#### What the exercise asks
Task for the records below: please retype exactly and only the lines from the first through the one with "Uomo venditore carne", with every picture omitted.

[Collection entries]
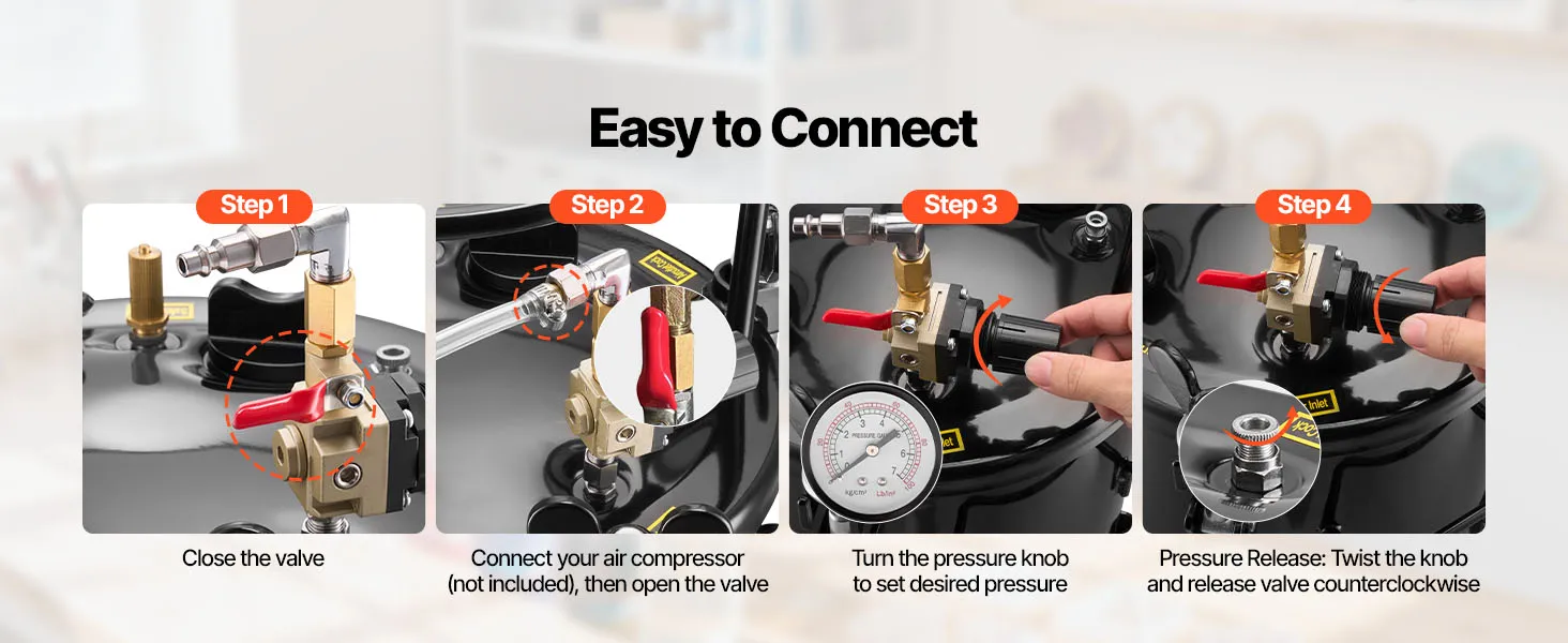 Collega rapidamente il tuo compressore utilizzando il raccordo rapido standard da 1/4″ (6,4 mm), rendendo il funzionamento fluido ed efficiente.
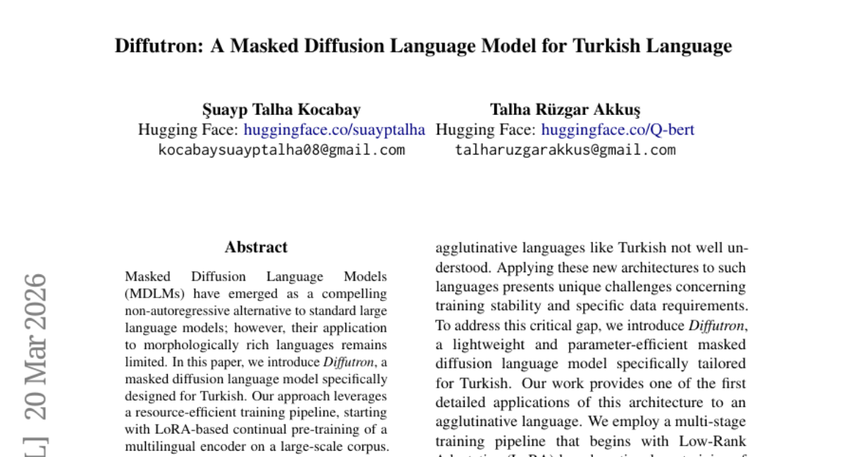 – To introduce Diffutron, a Masked Diffusion Language Model (MDLM) designed for Turkish, aiming for efficient non-autoregressive text generation.
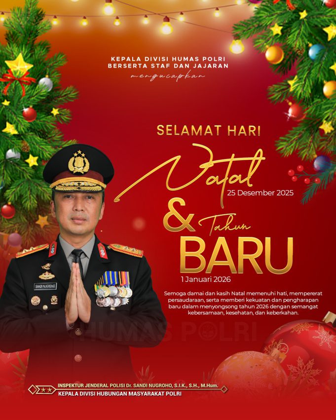 JAKARTA – Maspolin.id|| Kepala Divisi Humas Polri Irjen Pol. Sandi Nugroho, menyampaikan ucapan Selamat Hari Natal 25 Desember 2025 dan Tahun Baru 1 Januari 2026 kepada seluruh masyarakat Indonesia.
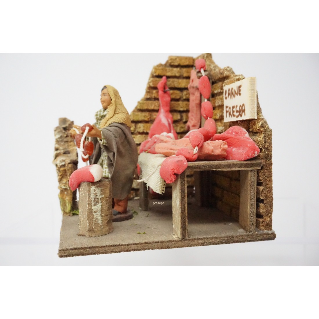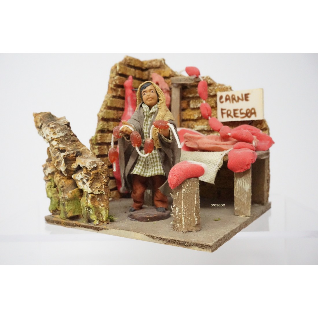 Uomo venditore carne cm 7 in terracotta e tessuto
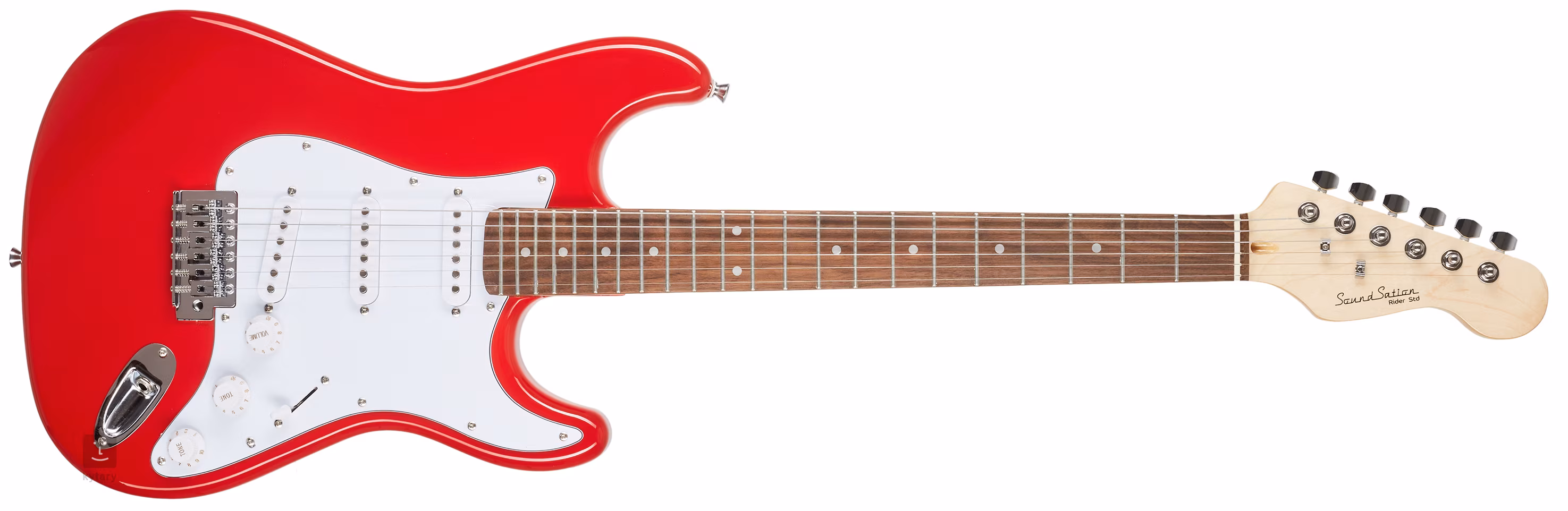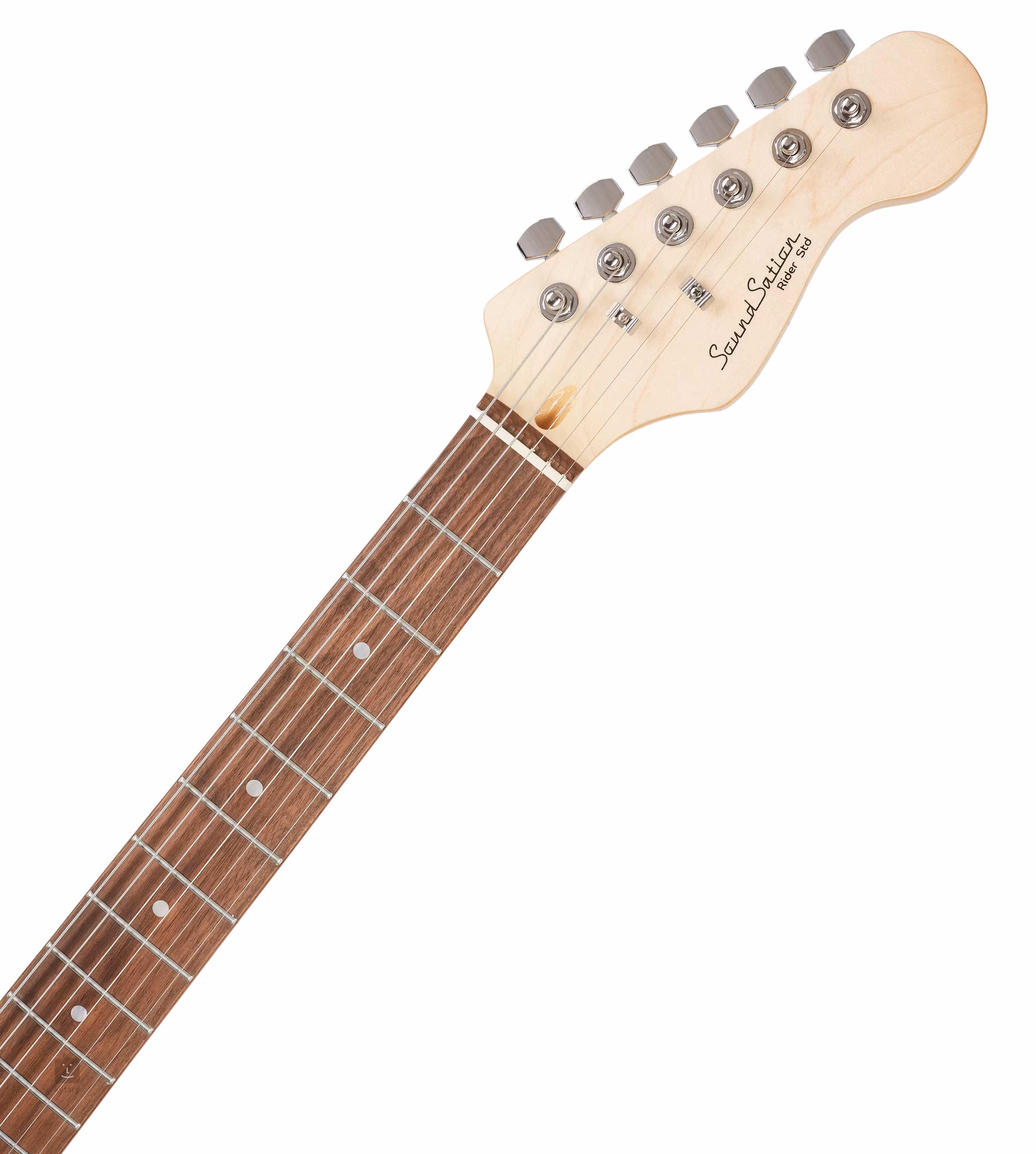 Die erschwinglichen Soundsation RIDER-STD E-Gitarren im traditionellen ST-Style Double-Cut Design sind für Einsteiger geeignet. Insbesondere die RIDER-STD-S bietet die klassischste Pickup-Konfiguration in Form von drei Singlecoils. Die wesentlichen Elemente der ST-Modelle in Form von Vintage-Tremolo, Schlagbrett, Knöpfen (1x Volume, 2x Tone) und einem fünfstufigen Pickup-Schalter dürfen nicht fehlen.
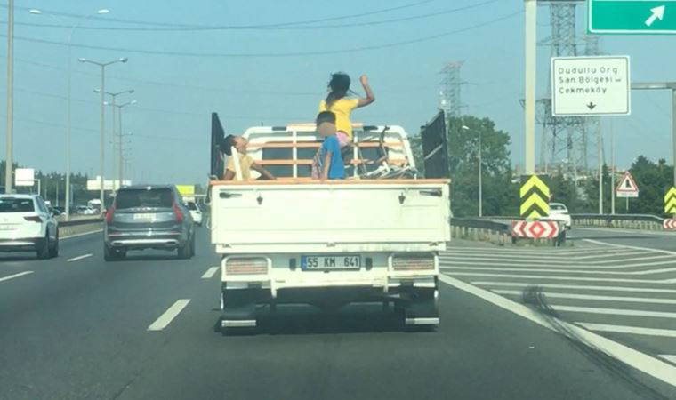 Çocukların oyunlar oynadığı tehlikeli yolculuk vatandaşın cep telefonu kamerasına yansıdı. Görüntülerde, pikap kamyonetin kasasında yolculuk eden 3 çocuğun araç seyir halindeyken ayakta durduğu ve oyunlar oynadığı görüldü.
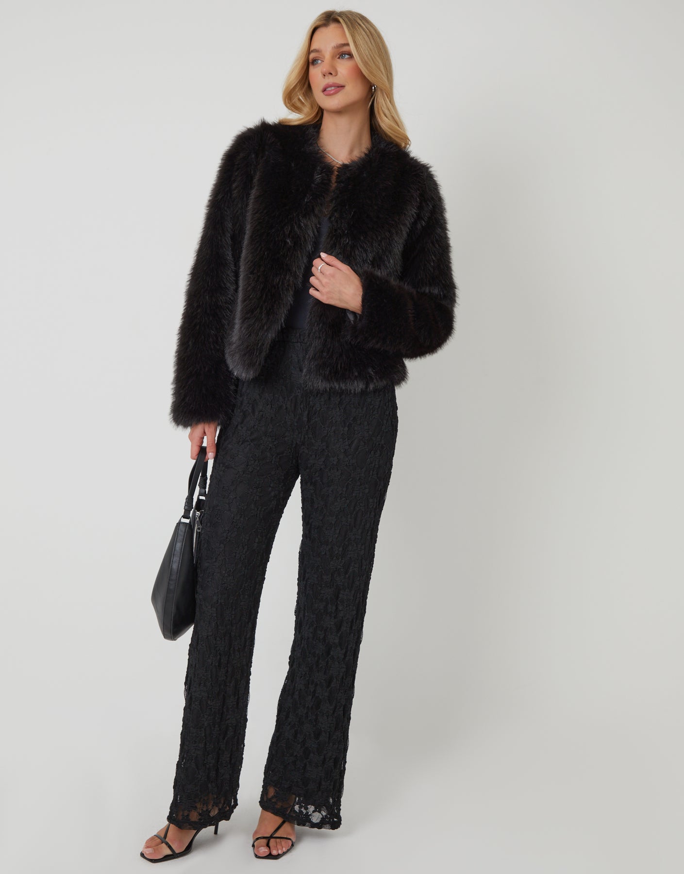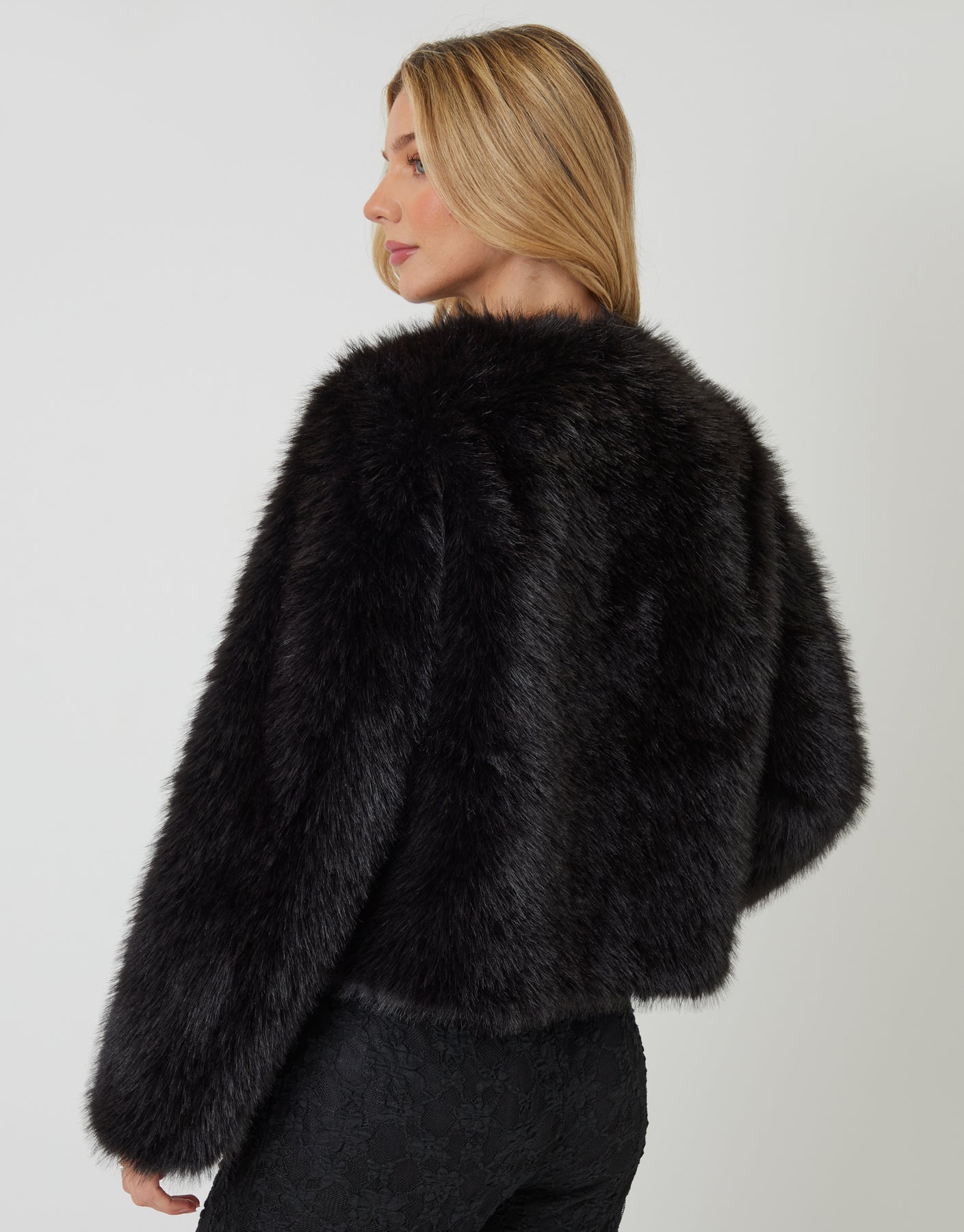 Wrap up this party season in this chic faux fur collarless coat from Threadbare.

#### Solution to this problem
 Collega rapidamente il tuo compressore utilizzando il raccordo rapido standard da 1/4″ (6,4 mm), rendendo il funzionamento fluido ed efficiente.
 – To introduce Diffutron, a Masked Diffusion Language Model (MDLM) designed for Turkish, aiming for efficient non-autoregressive text generation.
 JAKARTA – Maspolin.id|| Kepala Divisi Humas Polri Irjen Pol. Sandi Nugroho, menyampaikan ucapan Selamat Hari Natal 25 Desember 2025 dan Tahun Baru 1 Januari 2026 kepada seluruh masyarakat Indonesia.
 Uomo venditore carne cm 7 in terracotta e tessuto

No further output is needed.